Interim results of a compassionate-use clinical trial of Morcher iris diaphragm implantation: Report 1

Purpose

To evaluate the safety and efficacy of several different Morcher iris diaphragms in the treatment of partial or complete aniridia.

Setting

Jules Stein Eye Institute and the Department of Ophthalmology, David Geffen School of Medicine at UCLA, Los Angeles, California, USA.

Methods

This ongoing prospective single-site nonrandomized interventional clinical trial was designed to evaluate Morcher iris diaphragm models 50D, 50F, 96S, and 96F. Safety measures included changes in best corrected visual acuity (BCVA), surgical complications, adverse events, and postoperative interventions. Efficacy measures included changes in best corrected glare visual acuity and changes in daytime and nighttime glare sensitivity, measured by questionnaire responses.

Results

Thirteen patients (13 eyes) completed a 1-year follow-up.

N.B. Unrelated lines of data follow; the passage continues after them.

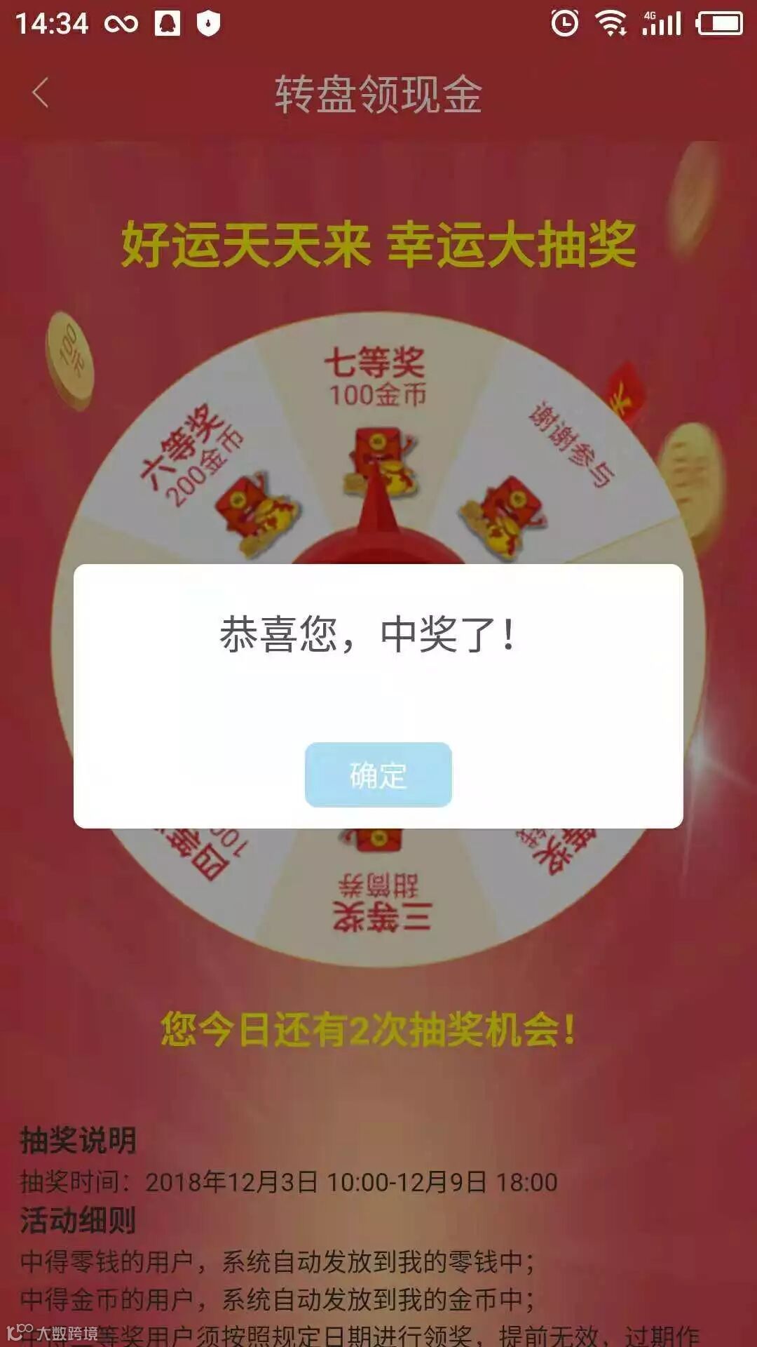 2、用户每天可进行3次转盘领现金活动,奖品每周更新一次;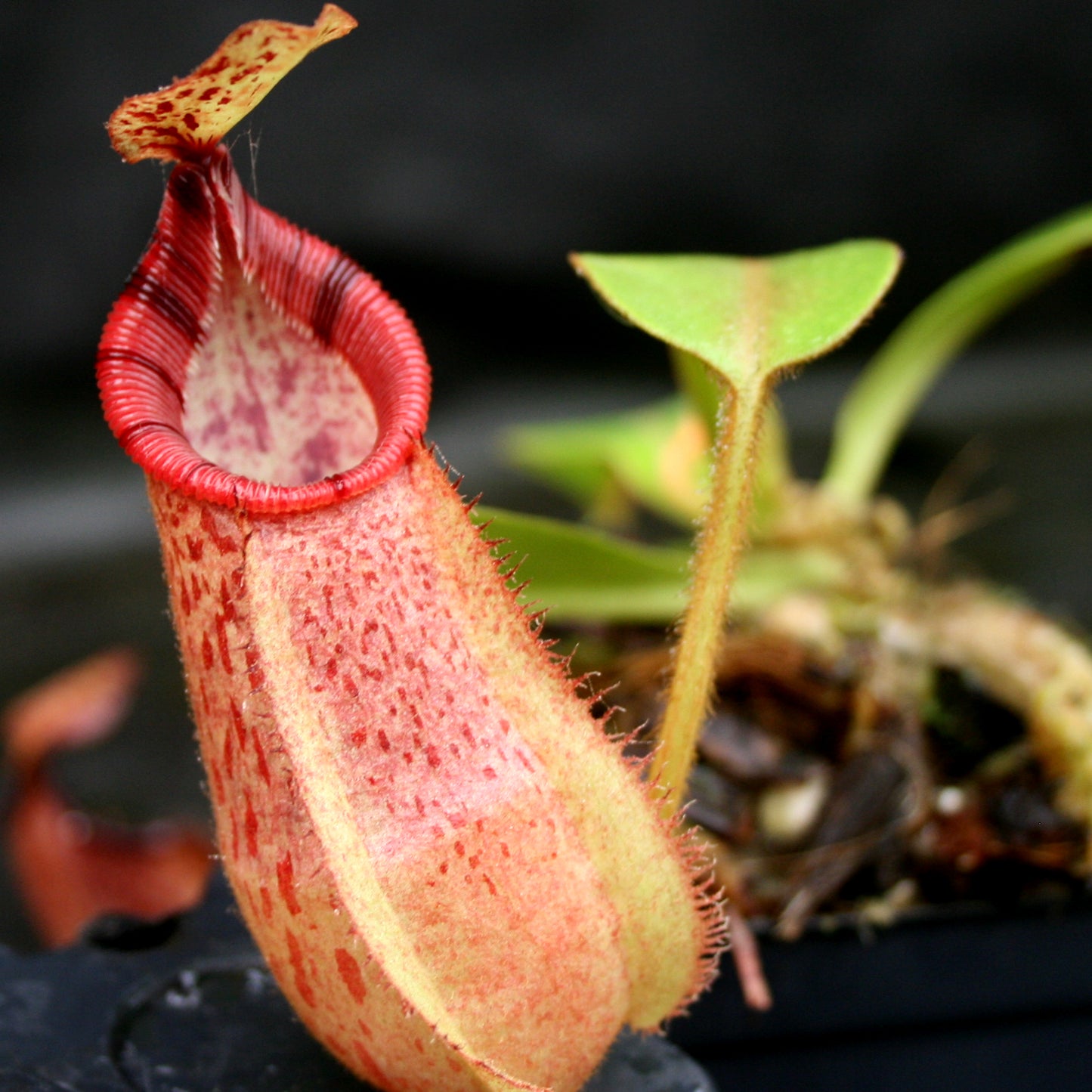 Nepenthes hamata x veitchii is an outstanding hybrid exhibiting great teeth and color. We have been pleasantly surprised by the range of orange/peach/red colors that the plants exhibit when their pitchers first open. Over time, these darken. We've found it to be tolerant of a wide range of growing conditions. Plants for sale are from Borneo Exotics, BE-3943 with the hamata parent being from the Tambusisi locale and the male parent being a Bareo veitchii.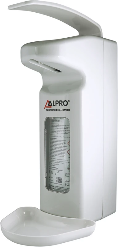 Universelt dispenseringssystem for såpe og alkoholholdige løsninger, inkl. dryppskål. Egnet for 1 L og 500 ml Euroflasker.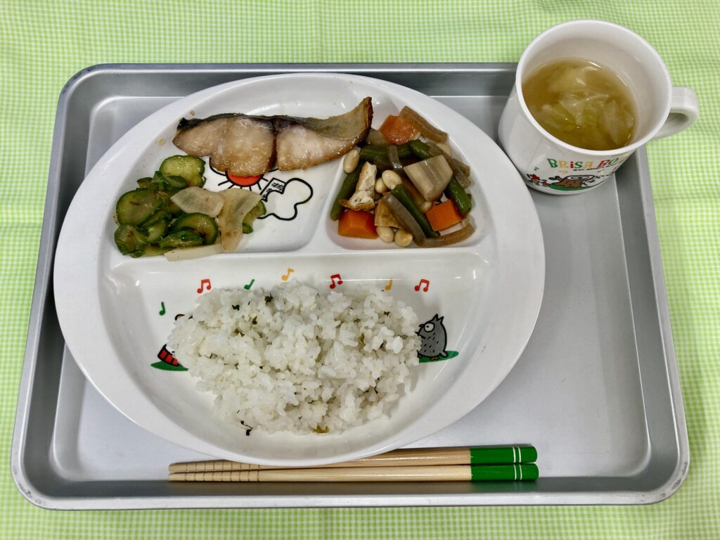 菜飯・キャベツの味噌汁・あじのかば焼き・五目煮・きゅうりの甘酢漬け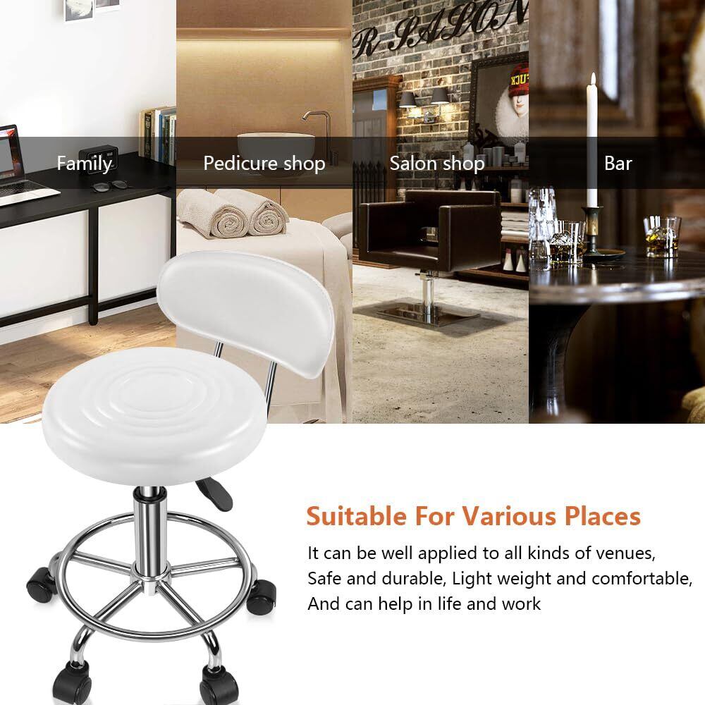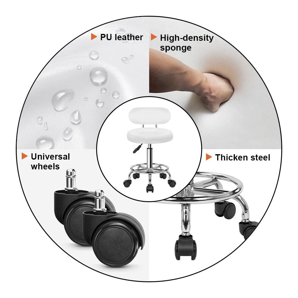 KKTONER 丸椅子 キャスター付きスツール 低い背もたれ脚つき 昇降スツール デスクチェア ネイル製図キッチン椅子 高さ調節 カウンターチェア PUレザー ホワイト S サイズ (白)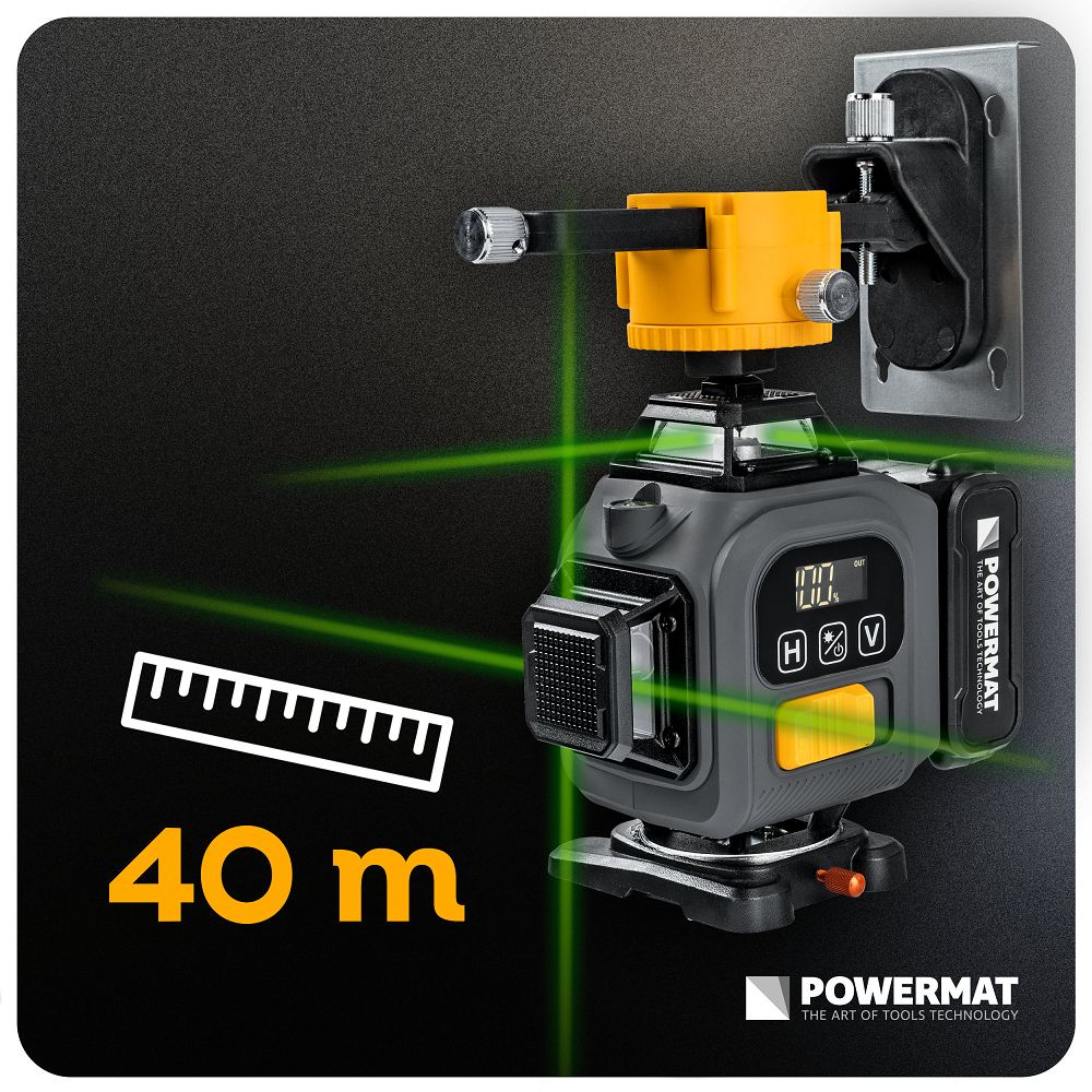 Zelený laser s vysokou viditeľnosťou a kryt IP54 vám umožňujú pracovať v interiéri aj exteriéri. Li-Ion batéria zaisťuje stabilnú prevádzku bez častých prerušení. Presnosť ±1 mm na 10 metrov vám umožňuje udržiavať rovné línie aj na väčšie vzdialenosti. Pracovný dosah až 40 metrov vám umožňuje pracovať vo väčších miestnostiach a otvorených priestoroch. LCD displej na ovládacom paneli zobrazuje aktuálny stav nabitia batérie, takže viete, koľko prevádzkovej doby vám ešte zostáva.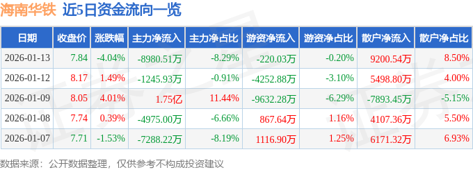 证券之星消息,截至2026年1月13日收盘,海南华铁(603300)报收于7.84元,下跌4.04%,换手率6.79%,成交量135.56万手,成交额10.83亿元。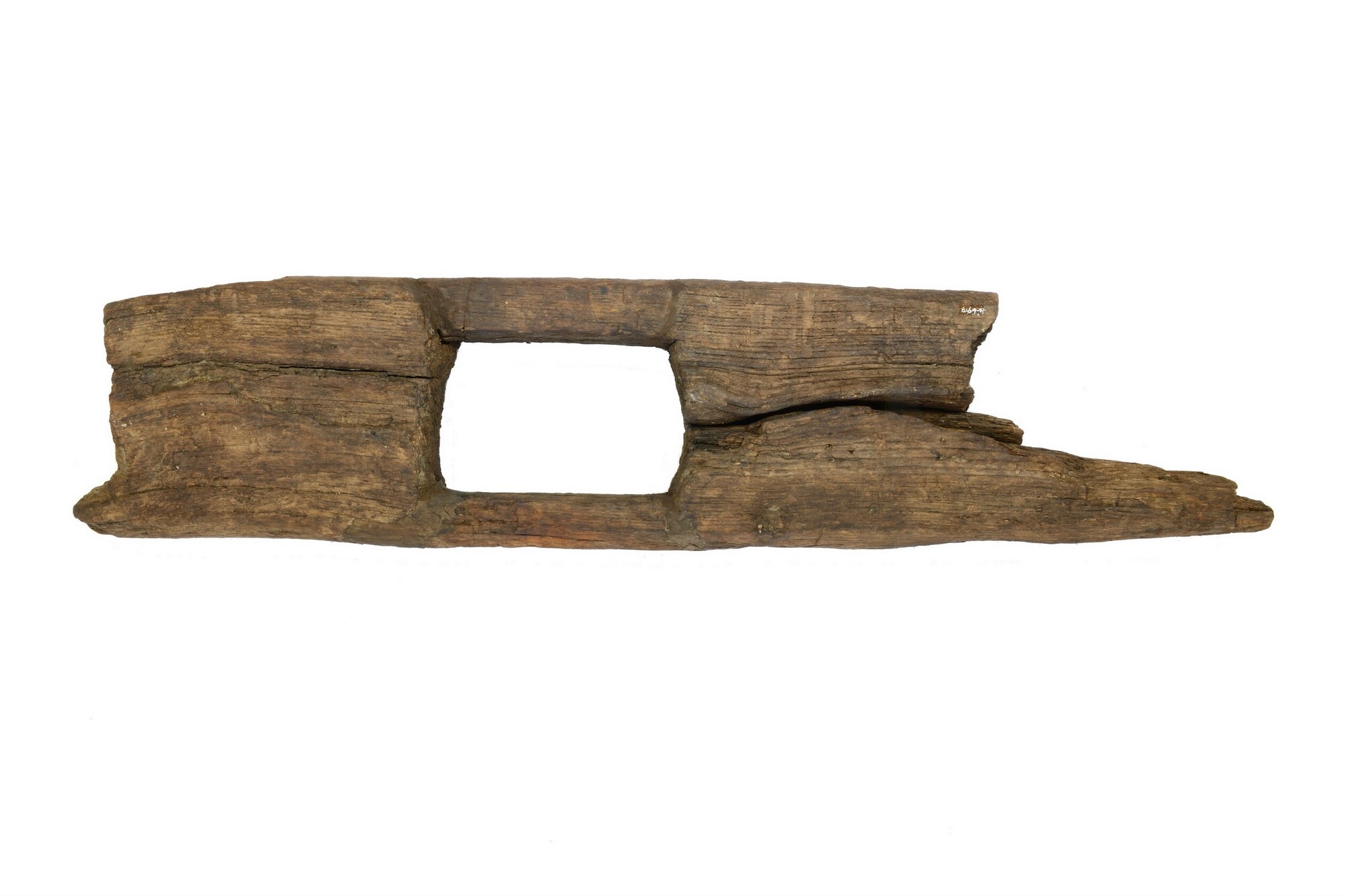 Plank; eikenhout; rechthoekige plank met centraal gat; het gat heeft een breedte van 11 cm en een lengte van 15 cm. mogelijk iets hol gesleten;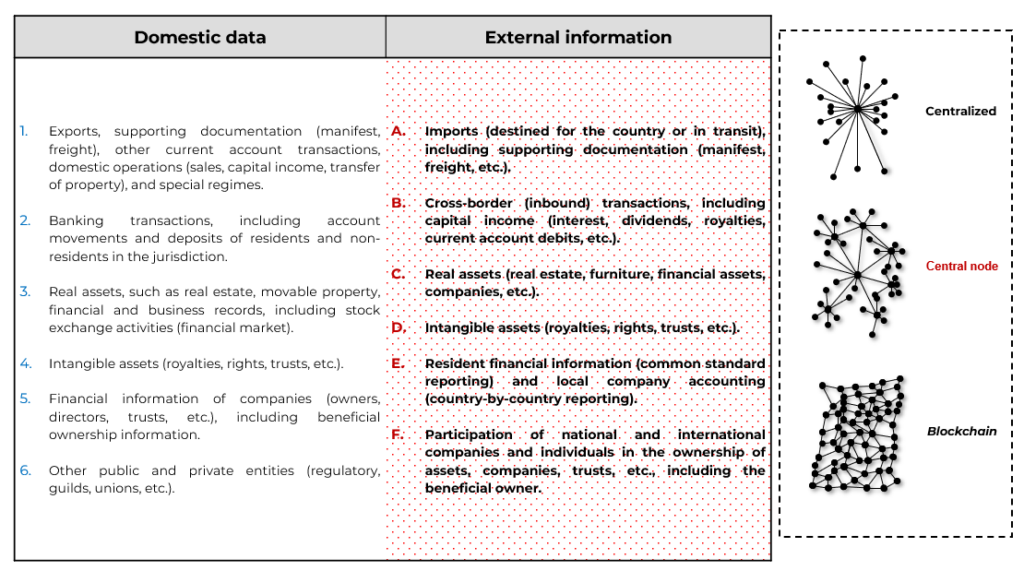 In terms of data from revenue entities, it is recommended toconcentrateits managementin a single organization,as this would help ensure that the data is gathered massively, systematically, and completely, taking advantage of synergies in processes and systems. This, added to the regulatory restriction of respecting tax secrecy, prescribes the application of a central node information distribution and security model (see Figure 2).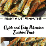 Quick and Easy Parmesan Zucchini Fries are a healthier alternative to traditional fries. Coated in a seasoned Parmesan breadcrumb mix and baked until crispy, these zucchini sticks make a perfect appetizer or side dish.

Regarding safety, there was a statistically significant improvement in median BCVA of 2 Snellen lines (P = .002). One patient lost 2 letters of BCVA on the 20/20 line. There were 2 adverse events. One was minor bleeding during a posterior synechialysis that resolved without intervention. The second was piggyback intraocular lens decentration from worsening zonular dialysis in an eye with a trauma history. One postoperative intervention was the repositioning of a 50D ring. Regarding efficacy, there was a statistically significant median improvement in best corrected glare acuity of 10 Snellen lines (P≤.001). Subjective daytime glare improved 5 questionnaire scale points (P = .004), and nighttime glare sensitivity improved 3 scale points (P = .001).

Conclusion

Morcher iris diaphragms were relatively safe and very effective in reducing the light and glare sensitivity associated with partial or complete aniridia.